Laura Dianti first modeled for Titian in a painting titled, Girl with a Fur, and was known to be "the most gracious strumpet in art" for her depiction in Flora, also by Titian. According to Muriel Segal, the two met in Venice while he traveled with his family to his sister's house in the suburbs of the city. At the time of their meeting, she was the lover of the Duke of Ferrara, Alfonso I d'Este, and although considered lower-class, she gained the respect of the people around her and was a member of the Ferrarese court.

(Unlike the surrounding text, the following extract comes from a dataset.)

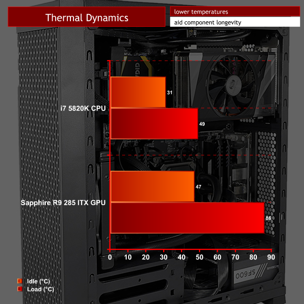 To put this case through its cooling paces we will be using a test system consisting of an Intel Core i7-5820K, Sapphire Compact ITX R9 285 and an SSD. This system allows us to produce a substantial amount of heat and effectively test the Thermaltake Core G3‘s cooling capabilities.

After the Duke's second wife died in 1519, it is assumed that he and Laura married and she became the duchess of Ferrara. It is debated by art historians whether this portrait was painted before or after their marriage. Even though she had the air of respect, she was treated differently from the other wives of the Duke of Ferrara. She lived in a separate residence from the family palace and once he died in 1573, she was buried in Sant Augostino of Ferrara, separate from the other members of the d'Este family.